Gorka Urtaran Agirre (born 21 December 1973) is a Spanish politician of the Basque Nationalist Party (EAJ-PNV). He served as mayor of Vitoria-Gasteiz from 2015 to 2023.

==Biography==
Urtaran was born in Vitoria-Gasteiz, Álava. His mother, María Jesús Agirre, was a Basque Nationalist Party (EAJ-PNV) politician who was deputy mayor of the city during the mandate of José Ángel Cuerda and a member of the Congress of Deputies from 1995 to 1997. He graduated in Sociology from the University of the Basque Country, where he studied at its Leioa campus and wrote a postgraduate thesis on migration.

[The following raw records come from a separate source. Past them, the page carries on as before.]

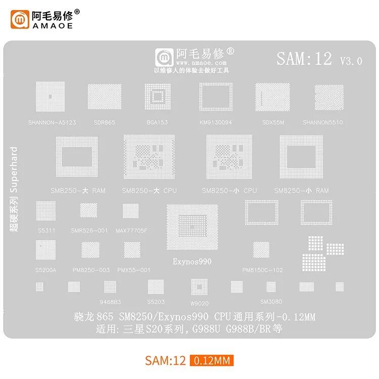 Amaoe Sam 1-17 Bga Reballing Stbbles Pour Samsung A S Note J Sereies A53 A536 Exynos1280/E8825 Éventuelles U13p/Éventuelles U14p S22 S22ultra - Type Sam 12
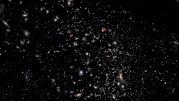 One thing there was no need to compromise was the structures visible in the galaxies. Each of the 23,935 galaxies in the video is represented by an optical image of the actual galaxy seen at its location. This is pretty unusual - many of these large-scale videos often just use a few hundred template images. Here, there are unique images of every single blasted one. Don't believe me ? Here's the complete sample.
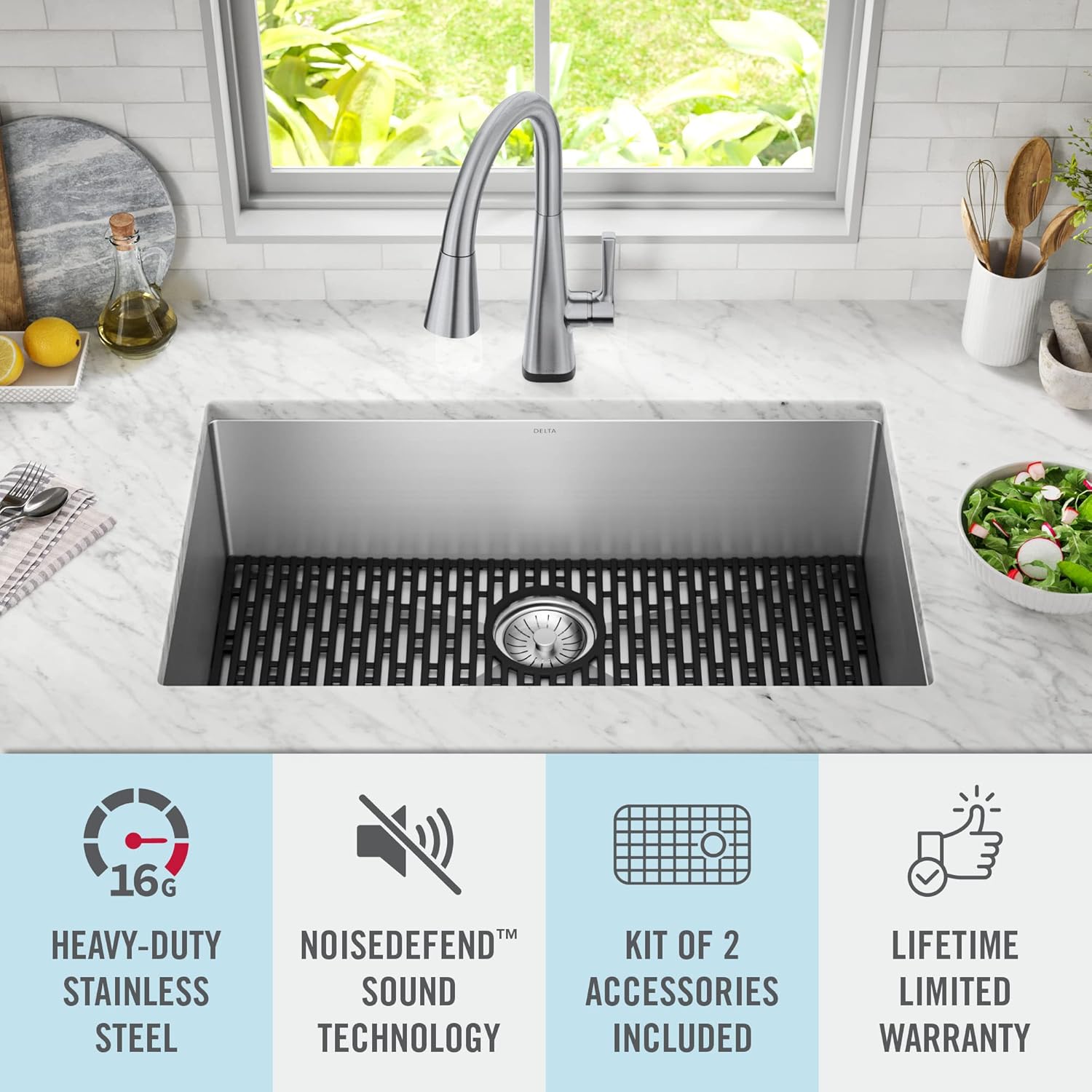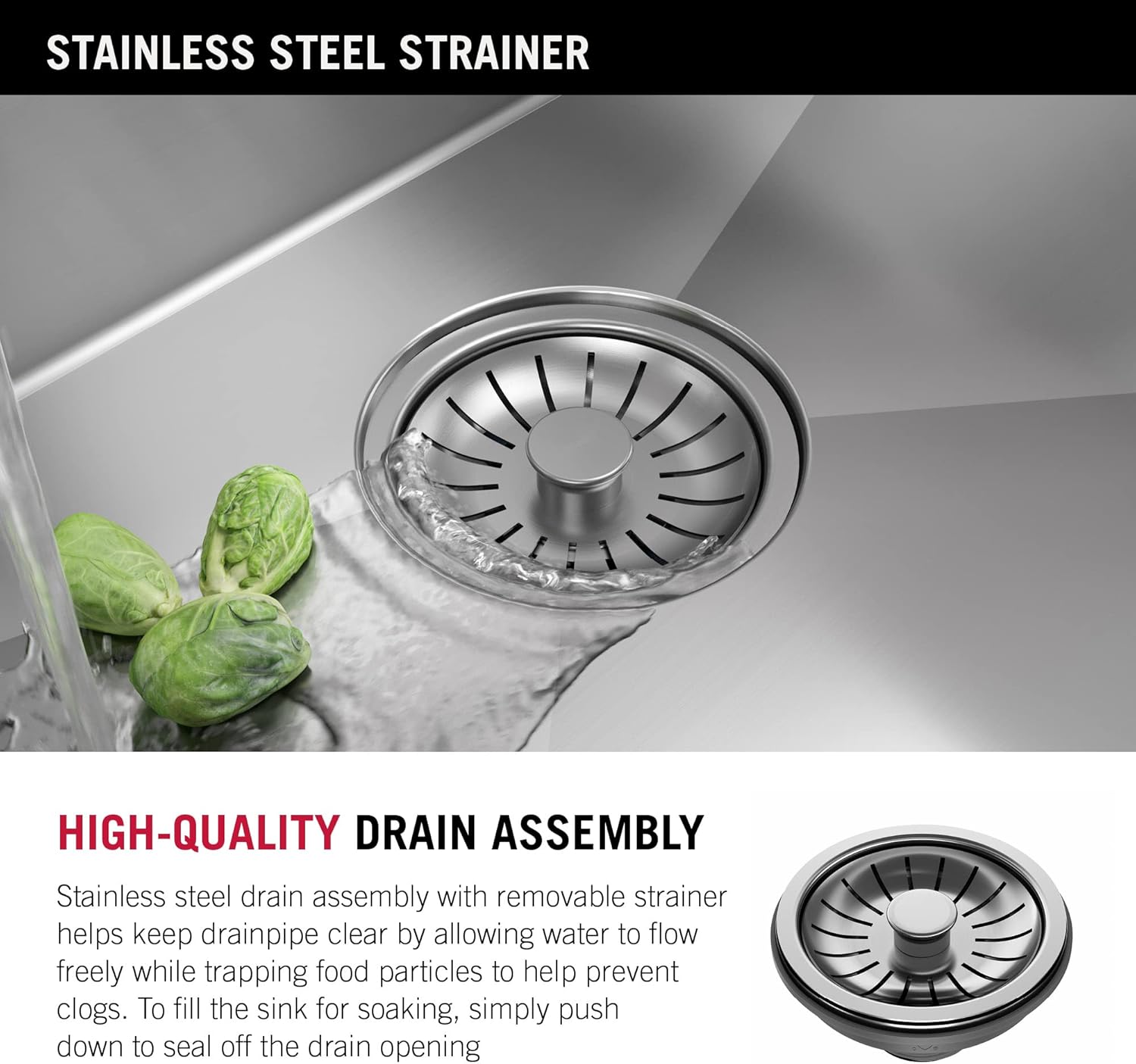 | Included Components | Sink, black silicone bottom grid, stainless steel drain assembly w/ strainer |
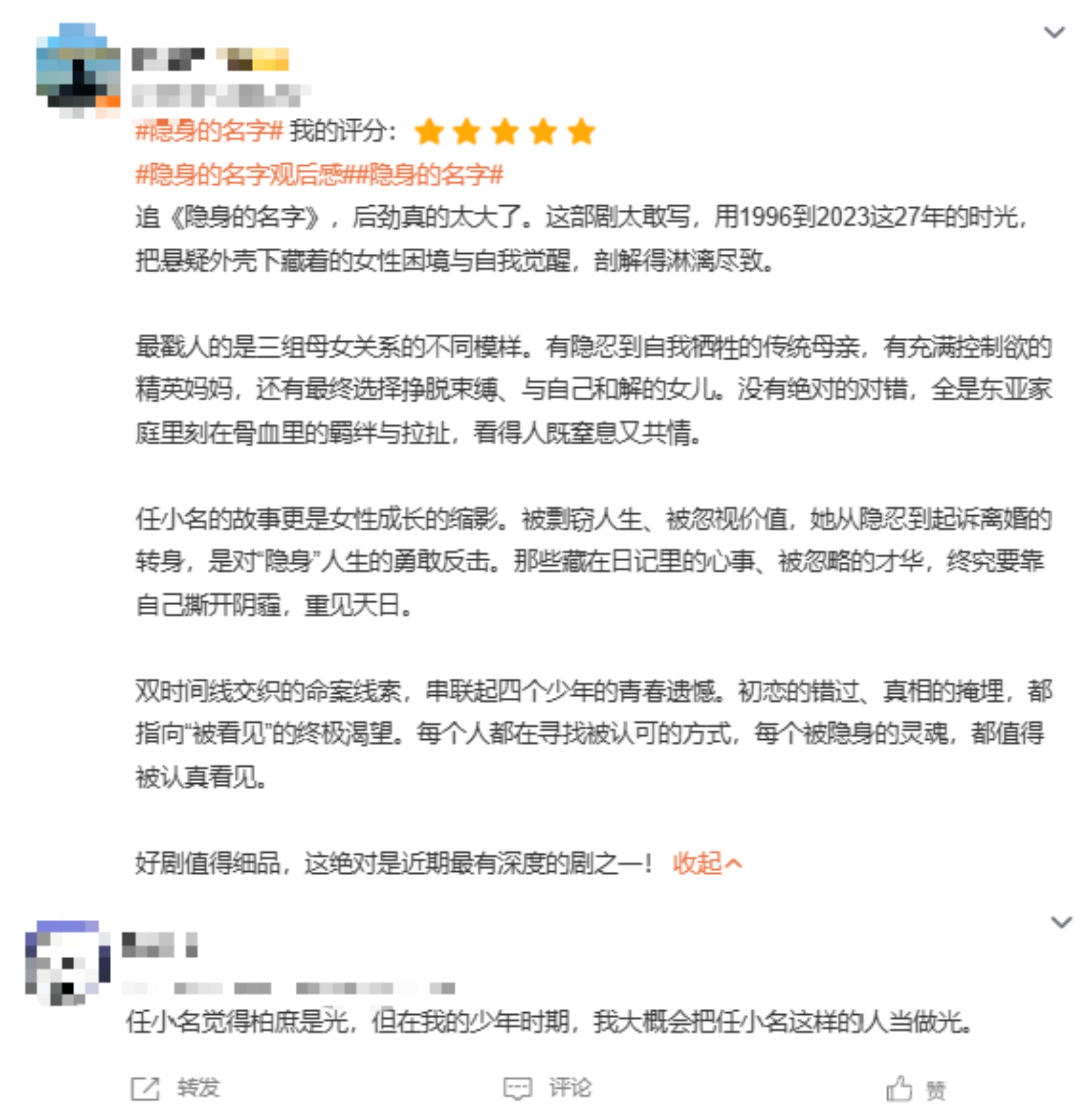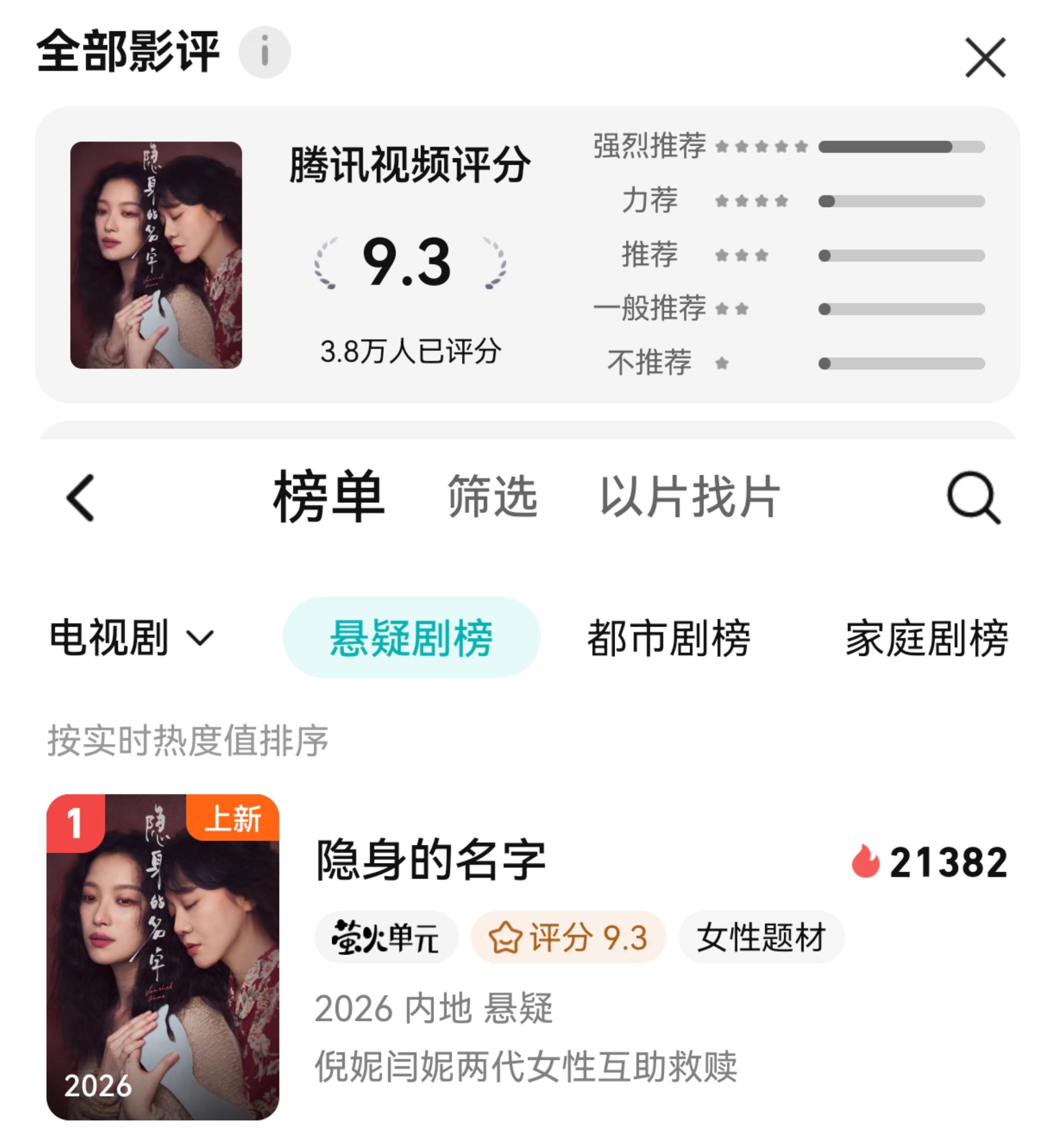 倪妮新剧口碑 演悬疑剧真的直接杀死比赛!《隐身的名字》站内 9.3 分稳居悬疑剧榜 TOP1,热度口碑双丰收,姐的实力果然从来不会让人失望!原生家庭带来的敏感与防备,婚姻里被隐身的委屈与不甘,从破碎隐忍到绝地反击,每一处情绪都被拿捏!做倪妮的剧粉到底拿什么输~隐身的名字
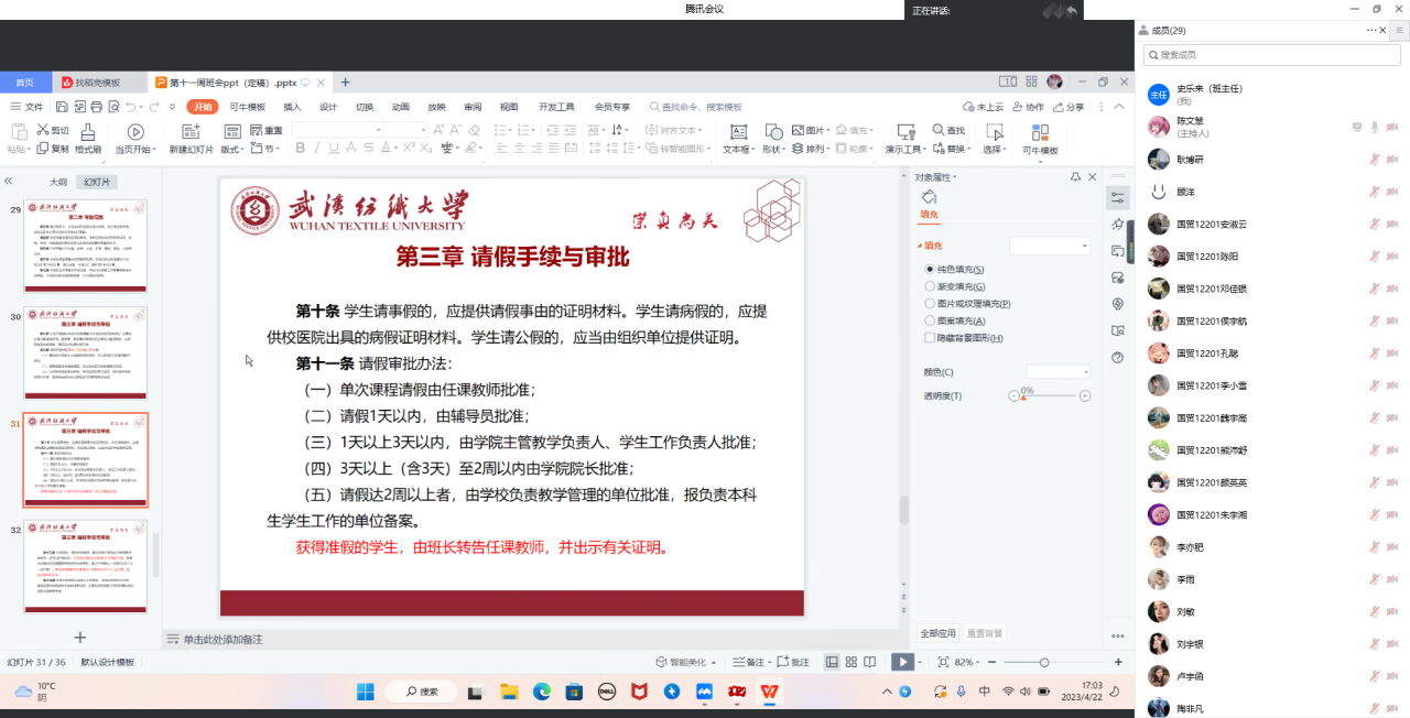 此外,全体班主任和辅导员引导同学们在4月23日世界读书日即将到来之际,感受阅读的力量,获取知识、启智增慧、培养道德,得到思想启发,树立崇高理想,涵养浩然之气。为学校的学风建设和安全建设做出自己应有贡献,并带领同学们学习诈骗手段及预防措施,组织同学们观看防范网络电信诈骗视频。除此之外,组织同学们观看就业宣传视频,帮助学生解答考研、择业、就业和创业疑惑,并带领同学们学习五一”小长假安全小贴士,重温武汉纺织大学本科生考勤及请假管理办法。
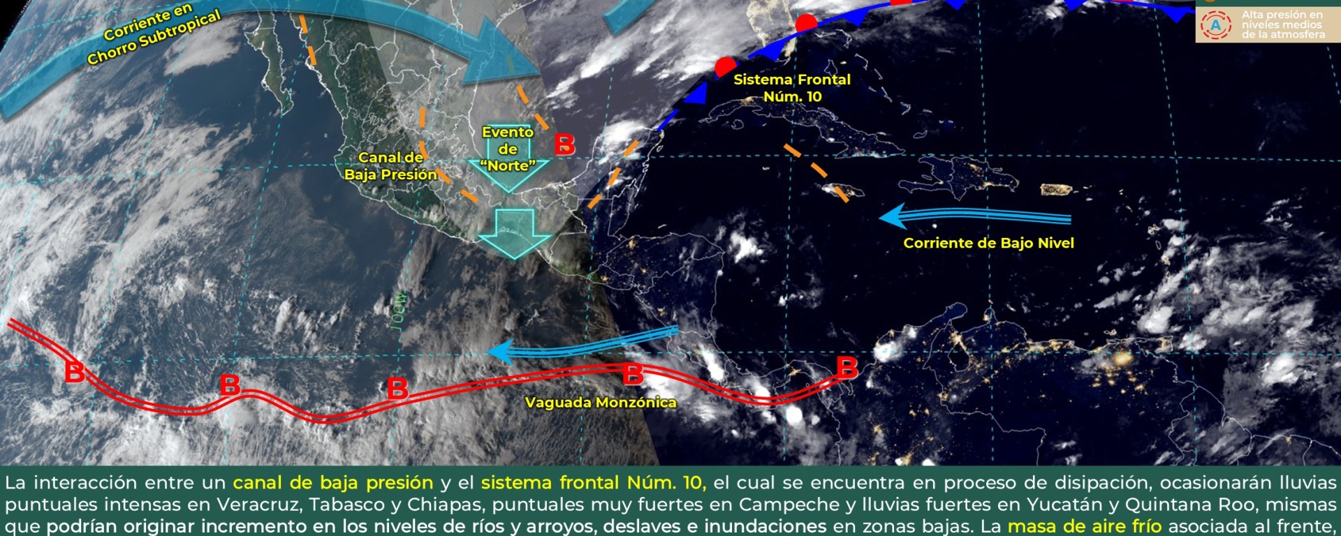 Viento de componente norte con rachas de 50 a 60 km/h: Istmo y Golfo de Tehuantepec, y rachas de 40 a 50 km/h en la costa sur de Veracruz.
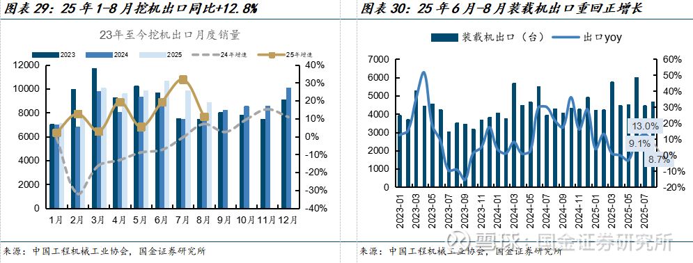 挖机、装载机出口保持稳健。东南亚、中东、非洲、欧洲等区域需求拉动,25年1-8月挖机出口销量为7.36万台,同比+12.8%,其中8月出口为8838台,同比+11.1%,保持双位数增长。25年1-8月装载机出口销量为3.83万台,同比+5.3%,其中7月、8月增速分别为13.0%、8.7%。
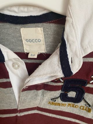 Polo de manga larga de la marca Gocco con un diseño de rayas. - Rayas horizontales en color burdeos y gris. - Cuello blanco de polo. - Detalle de número 5 bordado y texto 'ABERTO POLO CLUB'.
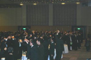 同窓会副会長の市呂純一(経営6期卒)から卒業生に対するメッセージが伝えられ、終宴の乾杯をもって祝賀会を終了しました。また、学位記授与式から卒業祝賀会までを音楽でサポートして下さったサニーフールズジャズオーケストラの方々、大変お疲れさまでした。
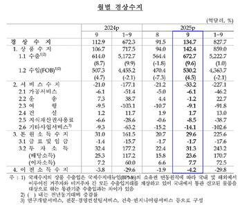 9월 경상수지 134.7억 달러 … 역대 2위, 월간 최대 흑자
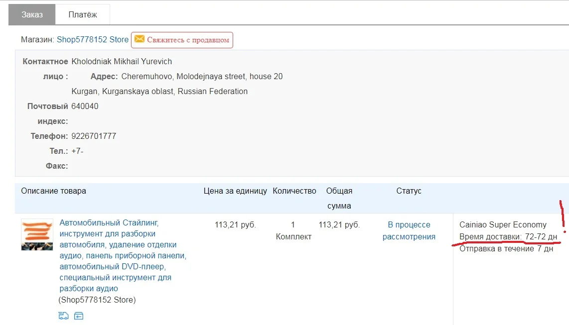 Страна: RU Доставка: Cainiao Super Economy 06.03.2021
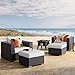 - CONTEMPORARY STYLE - Clean lines and a sleek profile enhance the modern look of this patio set. The 5" upholstered cushions feature all-weather, machine washable fabric covers for easy upkeep

After being a civil servant in the Vitoria-Gasteiz Department of Social Intervention, Urtaran served in his province's Juntas Generales from 2007 to 2011. In December 2010, he was confirmed as the EAJ-PNV candidate for mayor in the next year's elections. His party came second to the People's Party (PP), whose leader Javier Maroto was invested as mayor. Four years later, the EAJ-PNV lost a seat and fell to third behind the PP and EH Bildu, but Urtaran was invested as mayor with the votes of his party, EH Bildu and two smaller groups. In 2019, he won a second term with the support of the Socialist Party of the Basque Country–Basque Country Left (PSE-EE). He did not stand for reelection in 2023.